The antiretroviral drugs in a 2DR should target a minimum of two different sites of HIV replication and should include a potent N(t)RTI and an integrase inhibitor. Most 2DRs that include a single NRTI have used lamivudine, because of its potency and relatively low toxicity compared with other NRTIs. The improved tolerability and potency of newer integrase inhibitors has made simplification to 2DR more attractive. Bictegravir only comes in a FDC with 2N(t)RTIs so the only single tablet FDC is dolutegravir plus lamivudine.
Dolutegravir plus lamivudine: initial and maintenance therapy
Dolutegravir plus lamivudine has proven to be an effective 2DR in treatment-naïve individuals, with 48-week week data from randomised controlled trials demonstrating virological equivalence, and 96-week data showing fewer drug-related renal and bone adverse effects for the 2DR, although the comparator regimen which included tenofovir DF had lipid profile advantages.8
A phase 3 study of maintenance of virological suppression in treatment-experienced adults with fixed-dose dolutegravir plus lamivudine versus a TAF-containing three-drug regimen demonstrated non-inferiority at 48 weeks and 96 weeks.[9,10]

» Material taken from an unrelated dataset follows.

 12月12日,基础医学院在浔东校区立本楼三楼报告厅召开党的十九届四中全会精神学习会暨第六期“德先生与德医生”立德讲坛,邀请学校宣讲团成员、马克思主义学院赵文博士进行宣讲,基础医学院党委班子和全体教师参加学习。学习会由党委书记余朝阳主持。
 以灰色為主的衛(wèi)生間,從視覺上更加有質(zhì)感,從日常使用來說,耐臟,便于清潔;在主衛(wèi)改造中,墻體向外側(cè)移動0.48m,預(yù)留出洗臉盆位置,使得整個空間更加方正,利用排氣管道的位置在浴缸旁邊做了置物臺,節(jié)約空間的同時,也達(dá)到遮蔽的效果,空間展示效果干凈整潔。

Boosted protease inhibitors plus lamivudine for initial and maintenance therapy
Darunavir/ritonavir plus lamivudine was non-inferior to darunavir/ritonavir plus TDF/FTC after 48 weeks in a randomised open label study in treatment naïve individuals.[11] Previous studies of boosted protease inhibitors plus lamivudine with or without another NRTI in treatment-naïve individuals showed virological equivalence but were either small studies or were impacted by the poor tolerability of lopinavir/ritonavir. In maintenance treatment, a number of studies using boosted protease inhibitors (atazanavir or darunavir) with lamivudine have met non-inferiority criteria without development of drug resistance.[12]

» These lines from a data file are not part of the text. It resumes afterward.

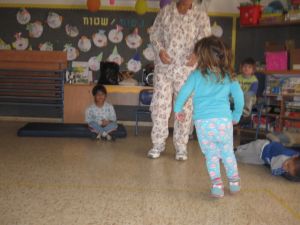 וכחלק מכל התחפושות ,החלטנו להגיע לגן עם פיג'מות ליום שכולו הפוך ומבולבל -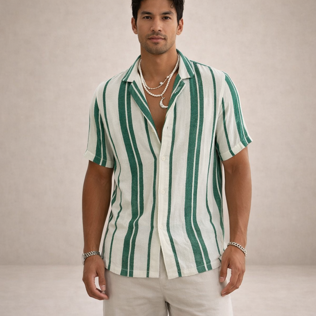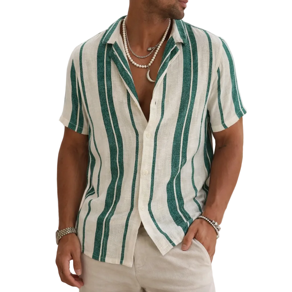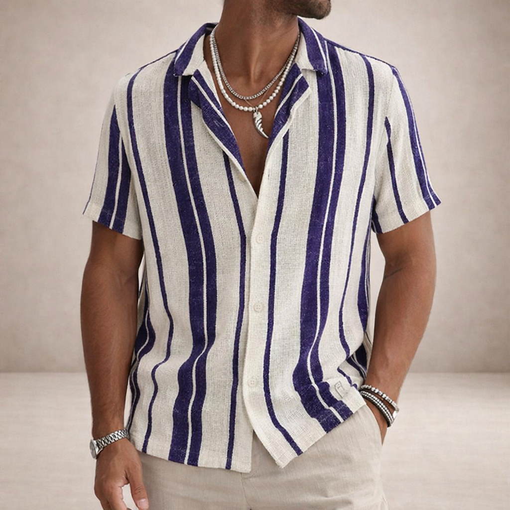 This men’s striped linen summer shirt captures a relaxed, vintage-inspired look with a refined modern edge. Lightweight and breathable, it’s perfect for warm-weather days, whether styled for holidays, coastal outings or casual city wear.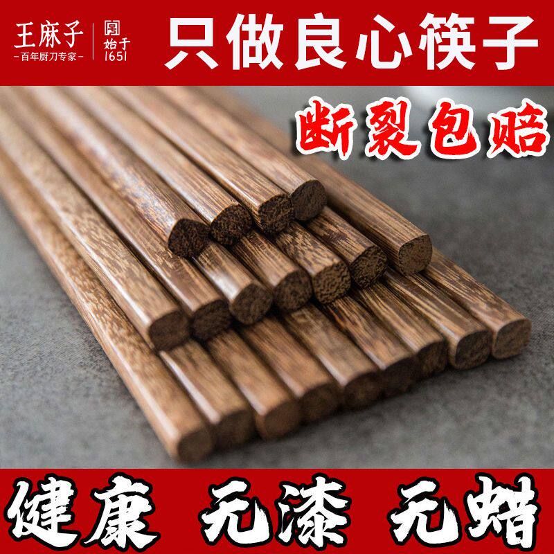 王麻子鸡翅木筷子家庭家用抗菌防霉防滑耐高温高档木筷官方旗舰店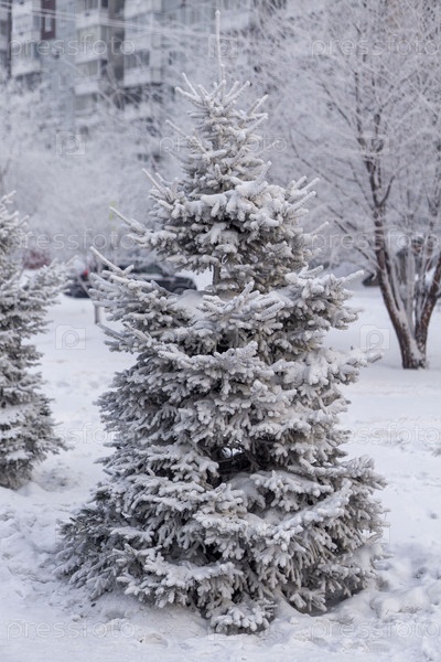 Замерзшие деревья в сильный мороз в парке

Nucleoside/nucleotide-sparing regimens
Recent maintenance studies using rilpivirine with either ritonavir-boosted darunavir, dolutegravir, or cabotegravir have had excellent results to date.

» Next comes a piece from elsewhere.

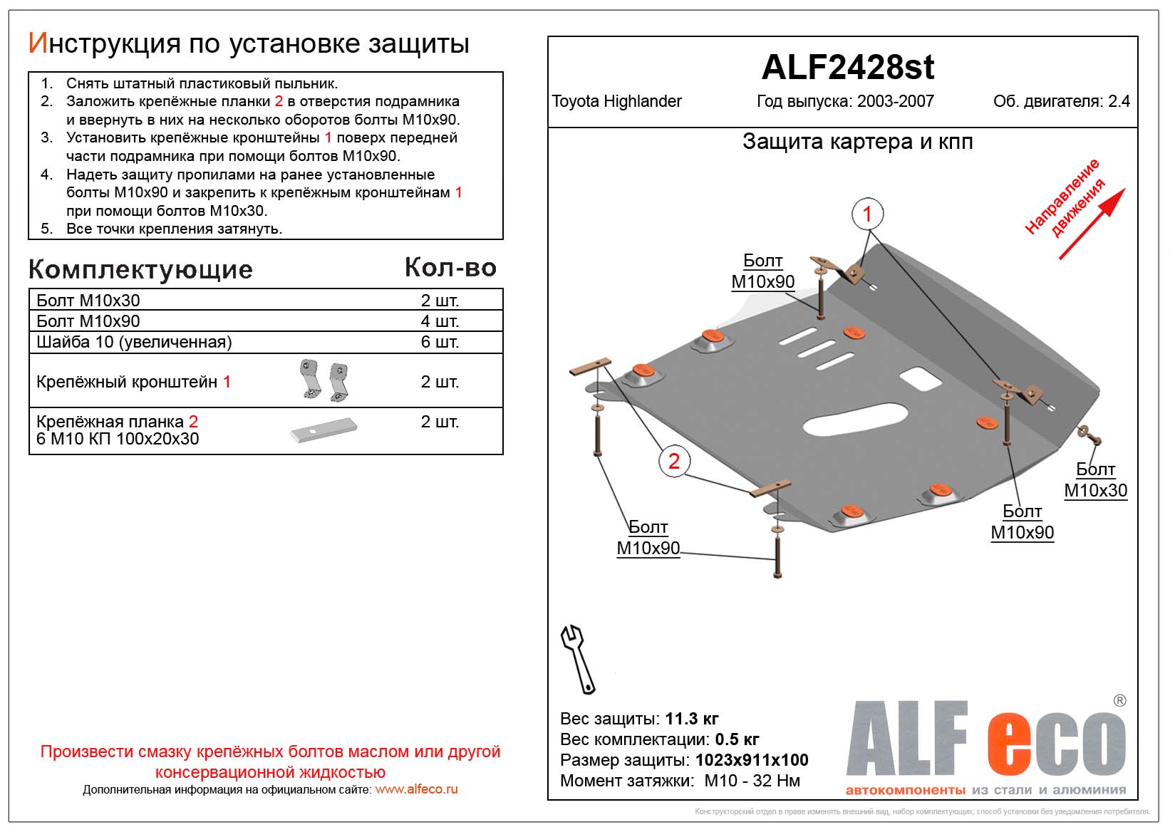 Защита картера и КПП ALFeco арт. ALF2428st изготовлена из стали толщиной 2мм специально для автомобиля Toyota Highlander (XU20) 2003-2007. Обеспечивает надежную защиту агрегатов от механических повреждений и попадания дорожной грязи и других предметов, встречающихся на проезжей части, способных зачастую нанести серьезный вред автомобилю. В комплекте идет весь необходимый крепеж для установки. Наличие можно уточнить по телефону. Возможна установка в нашем автосервисе по предварительной записи

- Randomised controlled open-label trial data support the use of dolutegravir plus rilpivirine as maintenance therapy in patients on their first or second regimen and without a history of virological failure.[13]
- Several maintenance studies using cabotegravir, a structural analogue of dolutegravir, with rilpivirine or two NRTIs with either oral (LATTE study) or long-acting intramuscular dosing (LATTE-2), have shown virological equivalence.
- Fully powered phase 3 maintenance studies using long-acting cabotegravir plus rilpivirine every four weeks (ATLAS, FLAIR) and comparing 4 versus 8-weekly treatment intervals with long-acting cabotegravir plus rilpivirine (ATLAS-2M) have demonstrated efficacy and safety for the long-acting treatment with a virological failure rate of ~1% across studies.[14 – 17]
- Virological suppression at week 48 was equivalent for ritonavir-boosted darunavir plus rilpivirine or 2 NRTIs in one small study.[18]